Wie kam eine germanische Prinzessin vor 1500 Jahren über eine Entfernung von mehr als 700 km quer durch Europa – aus dem heute deutschen Osten (Thüringen) nach Nordfrankreich weit in den Westen? Was wir Heutigen gut und gerne an einem Tag mit dem Auto zurücklegen können, bedeutete unter den damaligen Bedingungen eine strapaziöse und gefährliche Reise über etliche Tage hinweg – zumal für ein Mädchen im Feindesland.
Auf einer Reise im Februar 2009 – hier: von Tours nach Poitiers – versuchten wir, Eindrücke aus den spärlichen physischen Resten der Geschichte auf uns wirken zu lassen.
Nach der machtvollen Reichseinigung Chlodwigs folgten unruhige und nicht so glanzvolle Zeiten im Frankenland. Chlothar I. war Chlodwigs jüngster Sohn, er erhielt nach des Vaters Tod 511 Neustrien, einen relativ kleinen Reichsteil nördlich der Loire über Paris hinaus bis Reims und Soissons.

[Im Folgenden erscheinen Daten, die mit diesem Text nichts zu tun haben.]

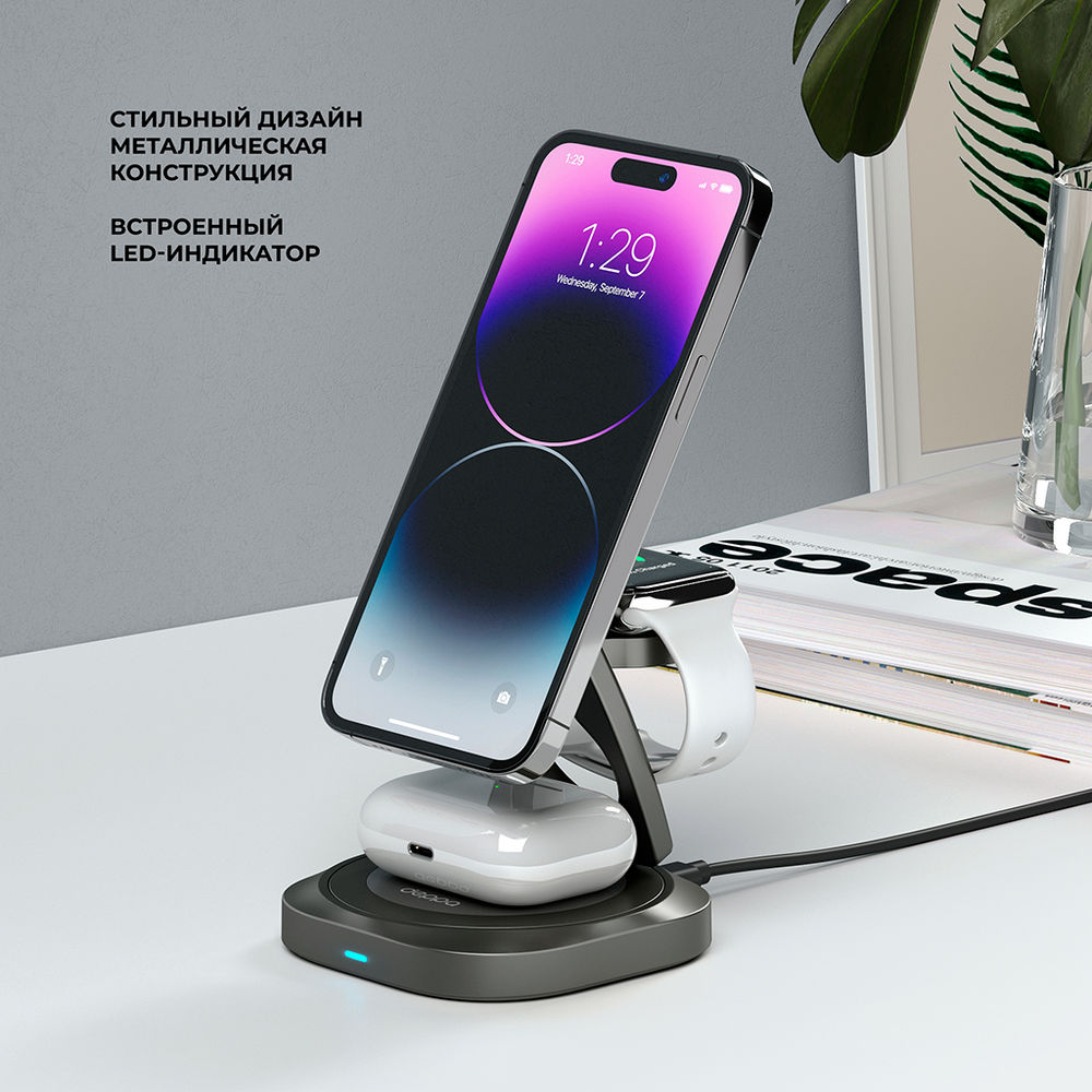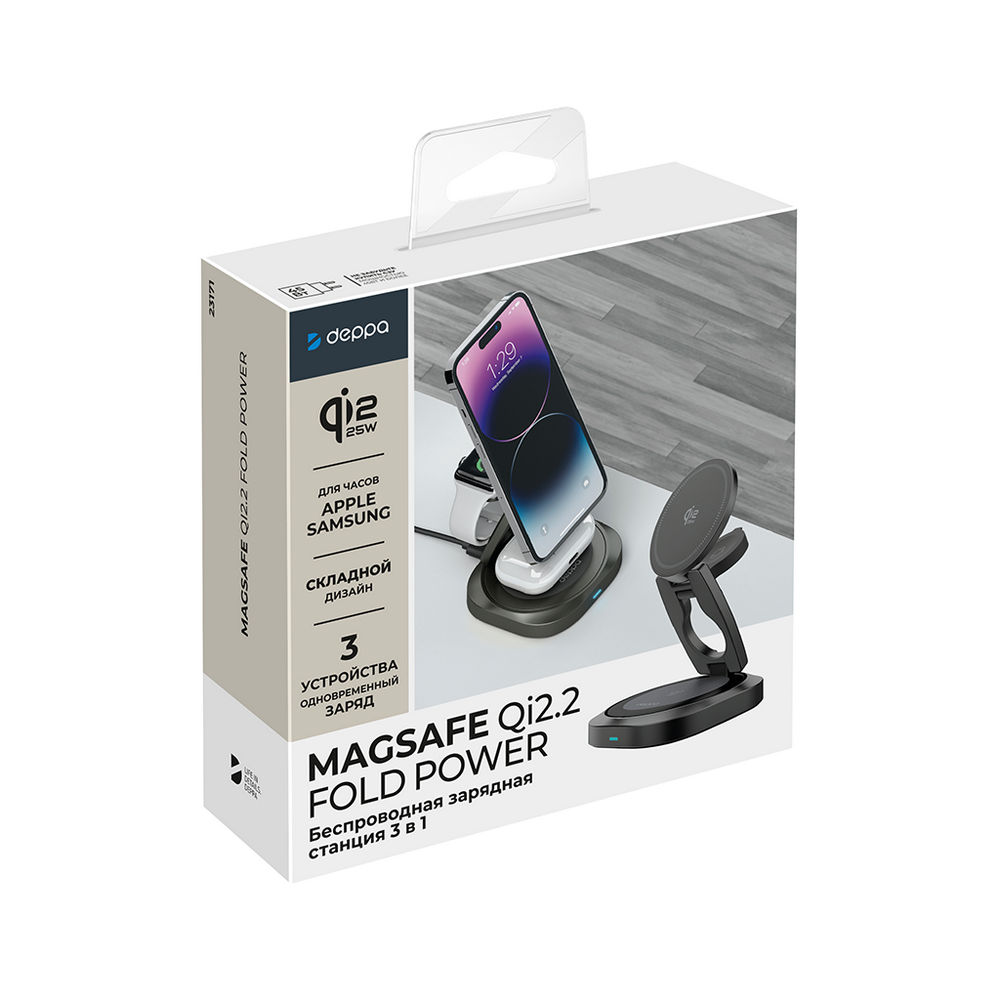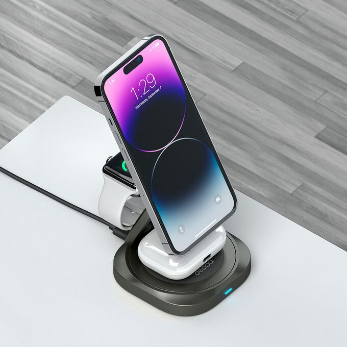 Беспроводная зарядная станция 3 в 1 QI2.2 Fold Power, Серая, Deppa

Chlothar half seinen älteren Brüdern bei diversen Eroberungsfeldzügen und gelangte dabei auch nach Thüringen. 531 nahm er das Mädchen Radegunde als Kriegsbeute mit nach Neustrien.
Radegunde dürfte etwas mehr als elf Jahre alt gewesen sein, ohnehin nicht mehr Kind nach damaliger Vorstellung und doch noch nicht Frau. Ihr Geburtsjahr wird um 520 angenommen, also zur Zeit der Völkerwanderung mit ihren vielfältigen gesellschaftlichen Umbrüchen. Die Thüringer zählten zu den großen Stammesverbänden. Radegundes Vater war König Bertachar, er fiel wohl einem Bruderzwist zum Opfer. Mit ihm sollte das mächtige Königsgeschlecht in wenigen Jahren untergehen. Noch ehe die expandierenden Franken und Sachsen um 530/31 eindrangen, wurde Radegunde zur Vollwaise, ihre Mutter folgte Vater Bertachar bald ins Grab. Radegunde kam vorübergehend in die Obhut ihres Onkels, der den Thron übernahm. Die Legende will wissen, dass Radegunde eine erste Liebe zurück ließ, als sie mit ihrem kleinen Bruder ins Merowingerreich verschleppt wurde.

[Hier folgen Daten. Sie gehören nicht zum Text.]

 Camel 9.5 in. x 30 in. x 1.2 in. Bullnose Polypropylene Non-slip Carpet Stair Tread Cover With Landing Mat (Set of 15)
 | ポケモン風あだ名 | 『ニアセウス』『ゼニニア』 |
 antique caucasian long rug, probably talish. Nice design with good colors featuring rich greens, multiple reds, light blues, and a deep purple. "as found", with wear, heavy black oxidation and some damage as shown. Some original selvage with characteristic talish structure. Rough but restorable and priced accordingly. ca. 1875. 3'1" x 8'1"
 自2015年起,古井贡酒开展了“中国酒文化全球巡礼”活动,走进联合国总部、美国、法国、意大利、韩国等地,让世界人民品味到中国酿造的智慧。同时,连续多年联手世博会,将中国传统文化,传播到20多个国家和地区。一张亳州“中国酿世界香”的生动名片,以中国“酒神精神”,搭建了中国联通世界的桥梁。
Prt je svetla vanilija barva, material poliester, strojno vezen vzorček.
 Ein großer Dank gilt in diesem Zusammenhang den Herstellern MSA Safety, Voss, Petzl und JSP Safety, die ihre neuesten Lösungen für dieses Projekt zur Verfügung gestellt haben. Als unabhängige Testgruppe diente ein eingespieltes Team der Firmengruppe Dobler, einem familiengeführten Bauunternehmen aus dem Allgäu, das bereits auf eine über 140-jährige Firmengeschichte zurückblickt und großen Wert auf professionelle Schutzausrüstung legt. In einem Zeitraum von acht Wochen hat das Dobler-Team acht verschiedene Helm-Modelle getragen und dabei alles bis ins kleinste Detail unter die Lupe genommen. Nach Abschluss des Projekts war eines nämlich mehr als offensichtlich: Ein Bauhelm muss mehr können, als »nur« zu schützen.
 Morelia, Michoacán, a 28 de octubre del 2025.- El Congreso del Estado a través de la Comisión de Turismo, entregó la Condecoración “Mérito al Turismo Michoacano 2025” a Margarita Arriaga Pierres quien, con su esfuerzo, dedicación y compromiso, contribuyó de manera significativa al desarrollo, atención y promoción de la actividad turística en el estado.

So kam Radegunde an Chlothars Fürstenhof in der Villa Athies, einem königlichen Wirtschaftshof bei Péronne in der Picardie. Immerhin wurde sie dort als Kind aus königlichem Geblüt behandelt und erhielt eine standesgemäße Erziehung. Nach einigen Jahren starb Chlothars Ehefrau – besser gesagt Hauptfrau, denn da gab es manches Nebeneinander. Radegunde musste (um 540) an ihre Stelle treten. Gedanken, mit dieser Ehe Ansprüche auf das Thüringerreich (oder Teile desselben) verbinden zu können, realisierten sich nicht. Übrigens war man sich verwandtschaftlich gar nicht so fern, wie oft unter gekrönten Häuptern: Chlothars Großmutter war, so liest man, Basena von Thüringen. Diese Frau von Childerich, die Chlodwig zur Welt gebracht hatte, gehörte zur Familie des Thüringerkönigs Bisin, Radegundes Großvater.

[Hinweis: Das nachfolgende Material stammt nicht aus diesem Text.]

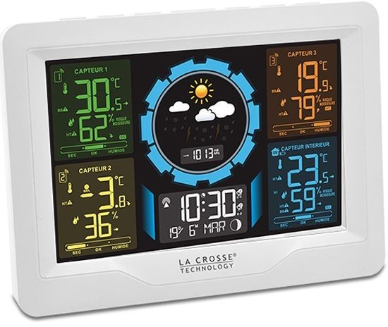La Crosse WS6304 – это мультизонный измерительный комплекс, сочетающий в себе классический функционал метеостанции и возможность одновременного контроля температуры и влажности в 4 точках, удаленных на расстояние до 60 метров от базы. На ярком дисплее в удобном для восприятия формате выводится информация от трех независимых датчиков (датчики с собственным дисплеем идут в комплекте) и встроенного в базу сенсора. У большинстве похожих моделей подобный функционал сильно ограничивает остальные возможности станции, но инженеры La Crosse Technology смогли сделать настоящий универсальный комплекс! Помимо информации с термогигродатчиков, погодная станция La Crosse WS6304 покажет атмосферное давление и прогноз погоды на 12-24 часа. У нее есть календарь, время (может синхронизироваться по атомным часам), два будильника, индикация заморозков и условий появления плесени, фазы Луны, тенденции изменения параметров… Метеостанция сама будет следить за комфортом в ваших помещениях комнате и подаст звуковой сигнал, если температура и влажность выйдут за границы выбранного вами диапазона. Этот гаджет – одно из самых функциональных и полезных устройством для комфортной жизни, ведь “из коробки” вы получаете возможность контроля микроклимата в 4-х зонах одновременно, – при этом La Crosse WS6304 не лишает вас других важных возможностей, присущих приборам этого класса. Просто поместите беспроводные датчики туда, где важны температура и влажность и наслаждайтесь новым уровнем контроля! Это может быть улица, детская комната, теплица, винный погреб, или морозильная камера, – станция без проблем измерит и покажет значения на дисплее, а также предупредит вас, если они превысят заданные вами значения. Кнопки управления четкие, понятные и расположены в удобном месте на верхнем торце погодной станции. La Crosse WS6304 создан для того, чтобы быть нужным и полезным для вашей комфортной жизни!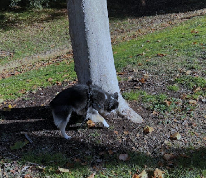 That reframe completely changed my subjective experience. Instead of failing at walking, I was succeeding at being a sniff-assistant.”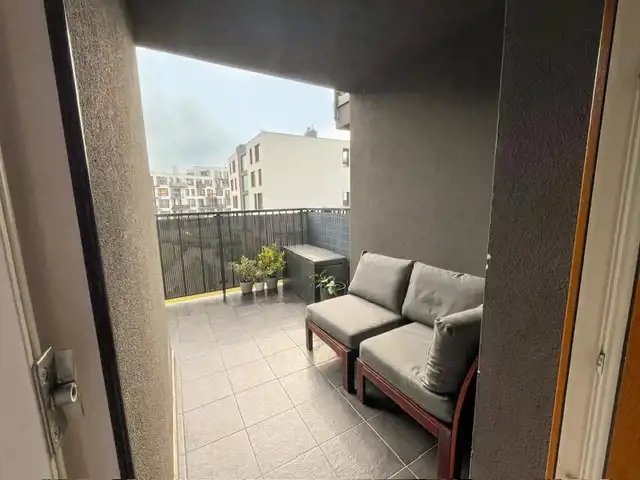 Duży balkon, na którym możesz wypić poranną kawę, poczytać książkę lub po prostu odpocząć na świeżym powietrzu.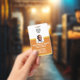 Tarjeta de identificación fotográfica para personalizados/empresa hospitalaria duradera y de alta calidad. En la parte delantera, agregue fácilmente el logotipo de su empresa (o elimine), la foto del empleado, el nombre, el título y la información de identificación. En la parte posterior, agregue líneas adicionales de texto personalizado, es decir, dirección de negocios, correo electrónico, número de teléfono, ubicación de la construcción, etc. También agregue un código de barras, código QR o logotipo de la empresa - o elimine. La placa actual ofrece un esquema de color naranja-oro que puede cambiarse fácilmente a los colores de su empresa.

Von Radegundes Werdegang wird berichtet, dass sie sich nicht nur in den elementaren Kulturtechniken bewährte und sich für religiöse Literatur interessierte, sondern auch im Alltag eine karitative Haltung gegenüber den Schwachen ihres Umfeldes zeigte. Man mag sich heute den König als groben Klotz vorstellen, der Gefallen am Liebreiz des feinsinnigen Mädchens fand. Doch diesem gebildeten Mädchen müssen die Absichten des 20 Jahre älteren Haudegens wenig erfreulich erschienen sein. Chlothar wird nachgesagt, dass er unter anderem seine minderjährigen Neffen eigenhändig umbrachte, um seine Macht zu sichern. Und an Frauen in seinem Bett fehlte es nicht. Radegunde versuchte durch Flucht der Zwangsehe zu entkommen. Bald wieder eingefangen, musste sie sich jedoch den Hochzeitsprozeduren im Artois unterwerfen, aber die Ehe blieb kinderlos. Stattdessen gab es eine Adoption: Agnes hieß das Kind.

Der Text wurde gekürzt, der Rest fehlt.